|April 27, 2007
From: Laura Harris, Director of Media Relations
(318) 342-5447, firstname.lastname@example.org
ULM snags nine BOR grants
The Louisiana Board of Regents recently recommended funding for nine innovative projects by professors at the University of Louisiana at Monroe.
Under the BOR's Research Competitiveness Subprogram, the following two proposals were funded:
- Loren Hayes, biology, received $80,634 for his project, "Ecological Causes and Fitness Consequences of Group Living.” In 2007 and 2008, Hayes and ULM students will collect fitness data from group-living degus (rodents), resulting in four years of fitness estimates for the population. During the spring 2008 and 2009, a ULM M.S. student will conduct molecular genetics analyses with Eileen Lacey of UC-Berkeley to determine the maternity of all tissue samples collected during this study. The proposed studies will result in high-impact publications, wrote Hayes.
- Ralph Zehnder, chemistry, was awarded $64,768 for his project, "Synthesis and Characterization of Lanthanide Actinide Hydroxy Mixed-Ligand Complexes: Potential Matrices for Nuclear Waste Isolation.” According to Zehnder’s grant proposal, “This research is of considerable national importance because it address fundamental science and a potential solution to one of the world’s most pressing and as yet unsolved problems safe isolation and storage of highly radioactive nuclear waste.”
Under BOR's Traditional Enhancement Program, the following proposals were funded:
- Joe Pankey and Naveen Musunuru, both of agriculture, received $49,815 for their project, "Enhancement of Agricultural Lecture and Laboratory Classes at the University of Louisiana at Monroe.” This grant will fund equipment that will improve the soils laboratory and introduce ULM students to precision agriculture and applied research. The web-based program, which will be used to implement this proposal, will allow students to track all records, such as pesticide applications, in addition to all costs associated with the row crop unit at the Johnson Farm.
- Rob Howard, geosciences, received $86,111 for his project, "Laboratory for Instrumentation Visualization (LIVE) and ULM Hurricane Evaluation at Landfall Project for Science (ULM HELPS).” The new equipment will modernize the meteorological instruments laboratory by adding dataloggers and electronic equipment now commonly used in the atmospheric sciences. The instruments will allow ULM students to measure temperature, humidity, pressure, wind speed and direction, precipitation, and solar and infrared radiation.

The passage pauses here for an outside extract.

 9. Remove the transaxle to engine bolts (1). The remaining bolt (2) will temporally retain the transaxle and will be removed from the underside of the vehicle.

- Donna Glaze, Jan Shows and Rayne Lowder, all from the School of Nursing, received $40,000 for their project, "A Clinical Simulation Center for the School of Nursing.” According to the grant proposal, the Clinical Simulation Center, which provides authentic interactive equipment in a realistic and controlled environment, will promote patient safety, and it will give students valuable practice. Also according to the proposal, “This imaginative project will encompass and enrich the community by allowing for opportunities in health facilities, community agencies, elementary schools and high schools that would otherwise not be available.”
COLLEGE OF PHARMACY
- Sami Nazzal, Karen Briski, Khalid El-Sayed and Ronald Hill, all of basic pharmaceutical sciences, received $81,619 to purchase a Raman spectrometer and a reaction Raman probe. Their project is entitled, “Dispersive Raman Spectrometer for the Enhancement of Pharmaceutical Sciences at ULM.”
- Sami Nazzal, basic pharmaceutical sciences, received $34,380 to purchase a new laser diffraction particle size analyzer, which will help establish competitive research programs and productive regional and national collaborations, according to the proposal. His project is entitled, "A Laser Diffraction Particle Size Analyzer for the Enhancement of Pharmaceutical Research and Education at ULM.”

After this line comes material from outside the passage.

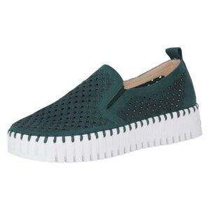 Isle Jacobsen Hornbaek~ Tulip Plateau slip-on flats in color Beetle

- Khalid El-Sayed, Seetharama Jois and Ronald Hill, all of basic pharmaceutical sciences, received $63,730 for their project, "CapNMR Flow Microprobe Enhancement of ULM College of Pharmacy NMR Spectrometer.” The BOR invested $94,316 in 1995 and $59,000 in 2002 to purchase and then upgrade the current ULM JEOL Eclipse 400 MHz NMR spectrometer. ULM matched this investment by $121,666 in 1995 and $30,000 in 2002. The CapNMR probe represents a 21st-century technology upgrade that amplifies the previous BOR and ULM investments in this spectrometer.

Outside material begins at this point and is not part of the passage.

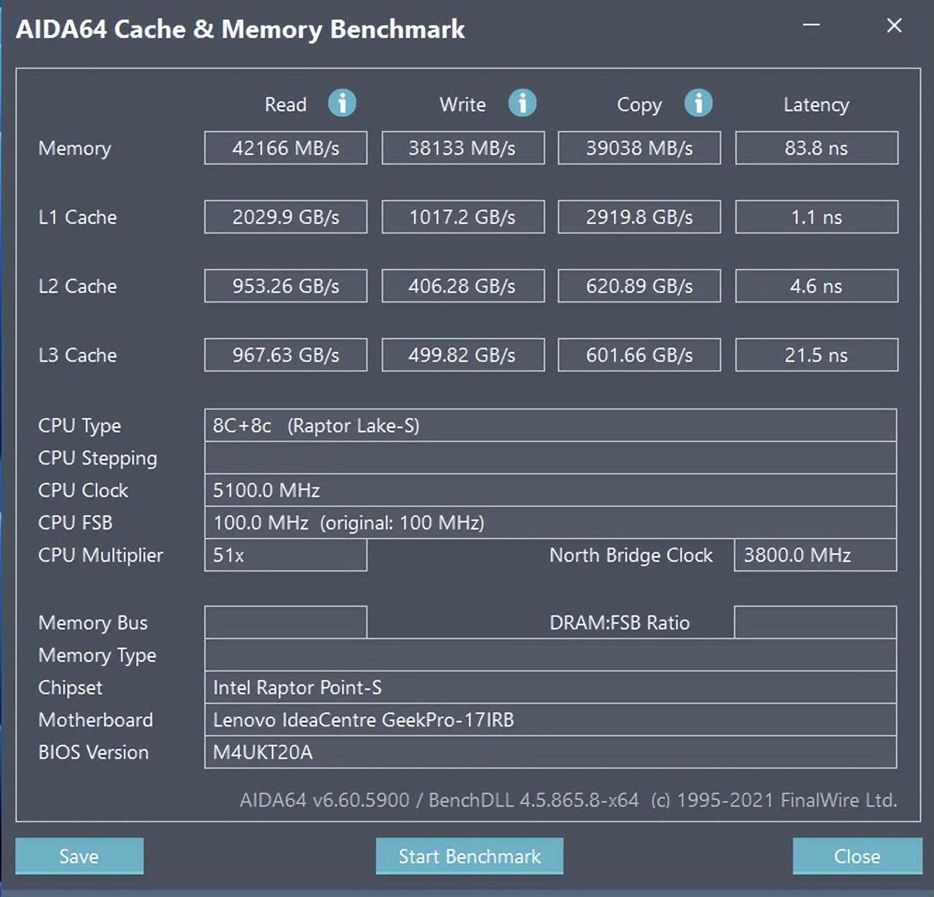 使用AIDA测试内存与缓存成绩,读取速度为42166MB/s,写入速度为38133MB/s,延迟为83.8ns。

- Roy Parish, clinical and administrative sciences, was awarded $36,000 for his project, "Completion of the State-of-the-Art Clinical Pharmacy Research Laboratory.” The grant will fund the purchase of a new capillary electrophoresis unit for the lab at the ULM College of Pharmacy satellite campus in Shreveport. The new unit will enable the laboratory to conduct a wide variety of investigation of the biochemical basis of disease and the rates and processes of drug metabolism and elimination.